-- Material to process follows --
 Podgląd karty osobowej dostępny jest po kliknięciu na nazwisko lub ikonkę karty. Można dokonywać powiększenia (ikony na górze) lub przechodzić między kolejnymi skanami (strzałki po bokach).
-- Material to process concluded --
-- Material to process follows --
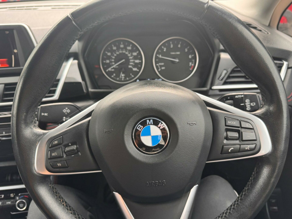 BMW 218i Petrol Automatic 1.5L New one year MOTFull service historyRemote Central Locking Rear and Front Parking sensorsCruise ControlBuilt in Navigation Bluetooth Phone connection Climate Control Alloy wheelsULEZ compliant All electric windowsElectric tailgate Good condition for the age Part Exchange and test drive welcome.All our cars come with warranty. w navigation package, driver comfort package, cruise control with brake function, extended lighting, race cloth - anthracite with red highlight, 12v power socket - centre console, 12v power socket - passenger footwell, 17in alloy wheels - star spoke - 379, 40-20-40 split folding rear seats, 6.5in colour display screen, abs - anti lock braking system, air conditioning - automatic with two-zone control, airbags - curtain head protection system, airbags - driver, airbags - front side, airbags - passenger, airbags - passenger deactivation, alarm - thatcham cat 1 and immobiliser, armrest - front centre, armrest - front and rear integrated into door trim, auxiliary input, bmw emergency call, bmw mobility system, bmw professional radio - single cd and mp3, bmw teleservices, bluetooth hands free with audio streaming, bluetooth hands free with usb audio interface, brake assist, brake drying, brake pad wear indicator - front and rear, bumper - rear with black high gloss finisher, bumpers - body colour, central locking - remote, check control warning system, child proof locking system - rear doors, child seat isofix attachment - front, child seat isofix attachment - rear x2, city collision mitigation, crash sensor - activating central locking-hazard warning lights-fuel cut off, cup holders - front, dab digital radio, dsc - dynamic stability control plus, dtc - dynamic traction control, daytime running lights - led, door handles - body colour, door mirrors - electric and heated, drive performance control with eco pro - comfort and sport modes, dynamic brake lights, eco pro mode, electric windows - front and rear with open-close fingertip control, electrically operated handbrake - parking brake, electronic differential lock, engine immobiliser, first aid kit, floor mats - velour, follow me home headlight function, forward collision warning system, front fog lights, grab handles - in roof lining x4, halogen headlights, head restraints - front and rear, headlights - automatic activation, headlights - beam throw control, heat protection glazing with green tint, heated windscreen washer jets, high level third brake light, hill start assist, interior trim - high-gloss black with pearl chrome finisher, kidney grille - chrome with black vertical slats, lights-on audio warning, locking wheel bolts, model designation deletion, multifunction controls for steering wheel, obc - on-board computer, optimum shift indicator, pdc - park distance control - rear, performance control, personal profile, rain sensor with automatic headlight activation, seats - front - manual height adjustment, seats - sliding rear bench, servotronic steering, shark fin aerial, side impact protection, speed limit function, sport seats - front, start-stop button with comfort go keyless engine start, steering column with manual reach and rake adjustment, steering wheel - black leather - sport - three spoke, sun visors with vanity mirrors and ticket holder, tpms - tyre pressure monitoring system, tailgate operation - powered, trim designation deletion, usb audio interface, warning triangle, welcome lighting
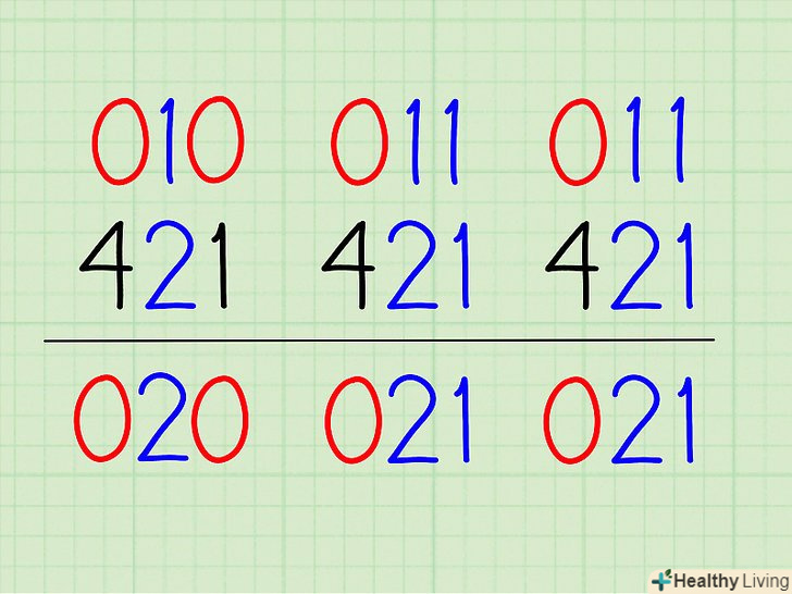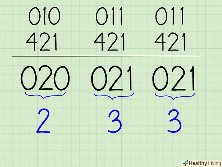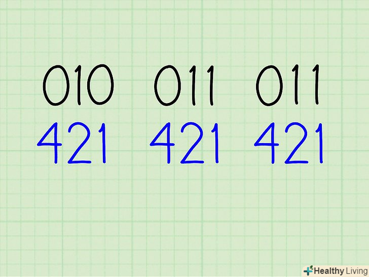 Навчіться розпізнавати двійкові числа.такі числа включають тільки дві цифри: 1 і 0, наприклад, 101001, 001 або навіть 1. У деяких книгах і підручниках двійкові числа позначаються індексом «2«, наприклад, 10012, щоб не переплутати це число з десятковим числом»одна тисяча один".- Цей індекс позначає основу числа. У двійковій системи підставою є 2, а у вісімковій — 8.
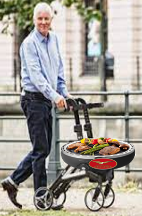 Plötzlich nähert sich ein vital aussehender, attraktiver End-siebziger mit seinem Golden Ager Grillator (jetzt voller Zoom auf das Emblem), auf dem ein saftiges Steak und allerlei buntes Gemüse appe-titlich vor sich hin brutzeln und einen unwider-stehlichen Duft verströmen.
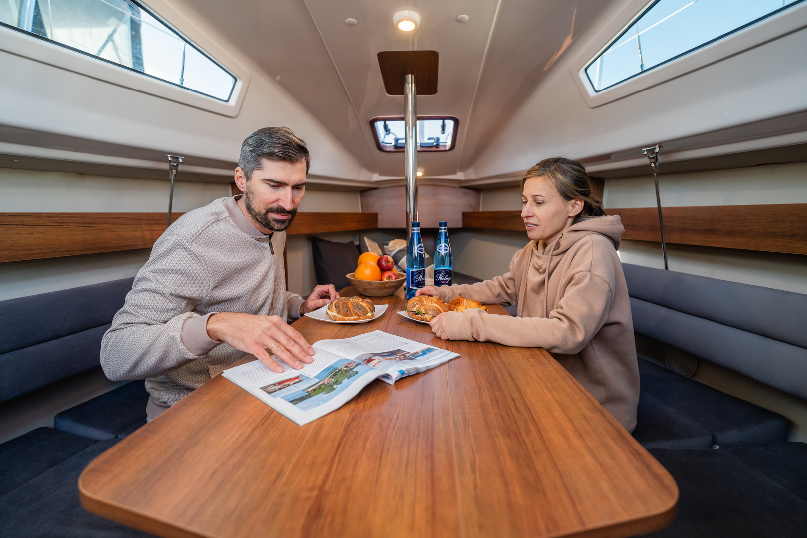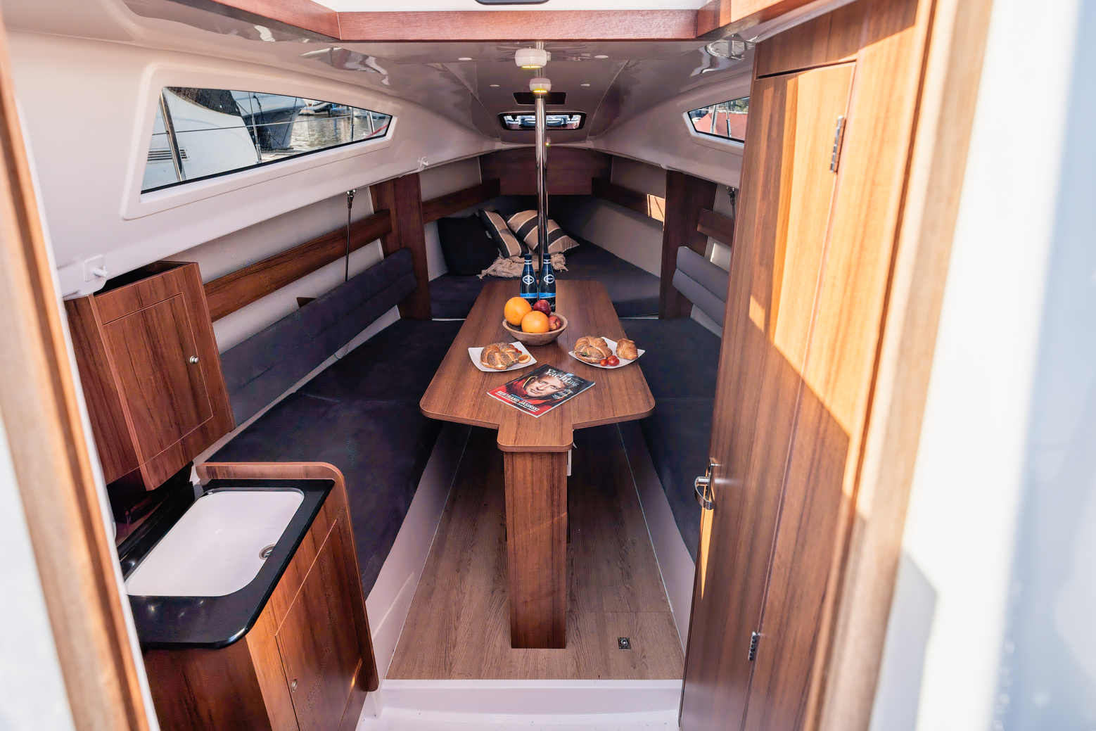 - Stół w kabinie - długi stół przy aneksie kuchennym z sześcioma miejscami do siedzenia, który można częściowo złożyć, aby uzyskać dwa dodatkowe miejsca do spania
-- Material to process concluded --
** Work item **
Return only the part above that opens with the line containing "Plötzlich nähert sich" and closes with the line containing "- Stół w kabinie", exactly and with both ends, skipping the pictures.

** Solution **
 Plötzlich nähert sich ein vital aussehender, attraktiver End-siebziger mit seinem Golden Ager Grillator (jetzt voller Zoom auf das Emblem), auf dem ein saftiges Steak und allerlei buntes Gemüse appe-titlich vor sich hin brutzeln und einen unwider-stehlichen Duft verströmen.
 - Stół w kabinie - długi stół przy aneksie kuchennym z sześcioma miejscami do siedzenia, który można częściowo złożyć, aby uzyskać dwa dodatkowe miejsca do spania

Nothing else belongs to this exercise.